La chronologie ressort clairement du dossier de telle façon que la présomption du caractère professionnel de l'accident, ayant eu lieu sur les temps et lieux de travail, doit s'appliquer, sans que la société n'apporte un élément venant contrecarrer ni la chronologie des événements ni le caractère crédible de la démarche du salarié qui a terminé sa journée de travail avant de consulter un médecin le lendemain.
Il importe peu, au vu des éléments qui précèdent, qu'aucun témoin n'ait assisté à l'accident, dès lors qu'il existe des indices suffisamment précis et concordants permettant d'établir l'existence d'un fait accidentel lésionnel au temps et au lieu du travail.
Enfin, la société n'apporte pas la preuve de l'existence d'une cause étrangère aux douleurs constatées chez le salarié.
Ainsi, au vu de l'ensemble des éléments du dossier, il convient de confirmer la prise en charge par la caisse de l'accident de M. [B] [E] [N] du 25 mars 2019 au titre de la législation professionnelle et de la rendre opposable à la société.

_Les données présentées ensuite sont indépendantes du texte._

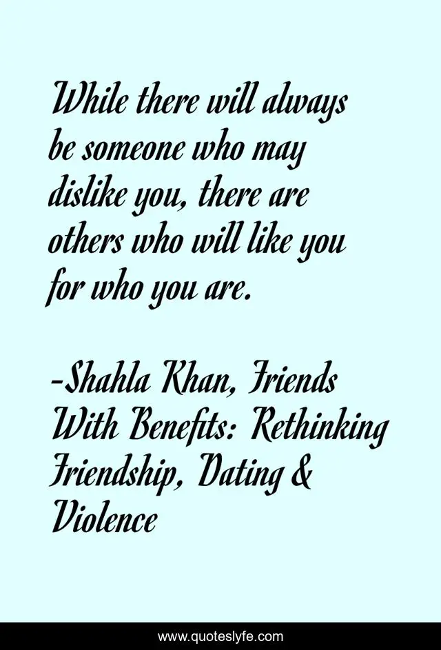 This page presents the quote "While there will always be someone who may dislike you, there are others who will like you for who you are.". Author of this quote is Shahla Khan, Friends With Benefits: Rethinking Friendship, Dating & Violence. This quote is about relationships, self-awareness, inspirational-attitude, inspirational, enthusiasm, truth-of-life, self-esteem,.
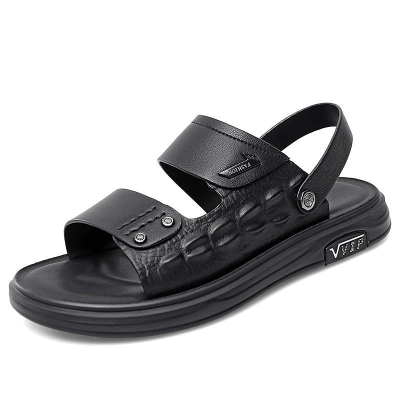 Мужские летние модные сандалии из крокодиловой кожи, тапочки для взрослых, комфортная пляжная обувь с толстой подошвой, нескользящие сандалии из кожи с открытым носком 38 чёрный
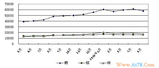 有色金属价格小幅回落。据对大中城市有色金属现货市场监测,5月份六种有色金属价格综合指数由升转降,比上月下降3.77%。电解铜、铝、铅、锌、镍平均价格分别为每吨57565元、15827元、16058元、17573元、175800元,比4月份分别下降6.26%、4.49%、2.64%、7.47%、0.45%。电解锡价格为每吨140872元,比上月略涨1.05%。

Le jugement sera, dès lors, confirmé en toutes ses dispositions.
Succombant, la société sera condamnée aux dépens.
PAR CES MOTIFS
La cour, statuant publiquement et contradictoirement, par mise à disposition au greffe :
CONFIRME le jugement entrepris en toutes ses dispositions ;
CONDAMNE la société [5] aux dépens exposés devant la cour d'appel de céans ;
Signé par Madame Sylvia Le Fischer, Présidente, et par Madame Juliette Dupont, Greffière, à laquelle le magistrat signataire a rendu la minute.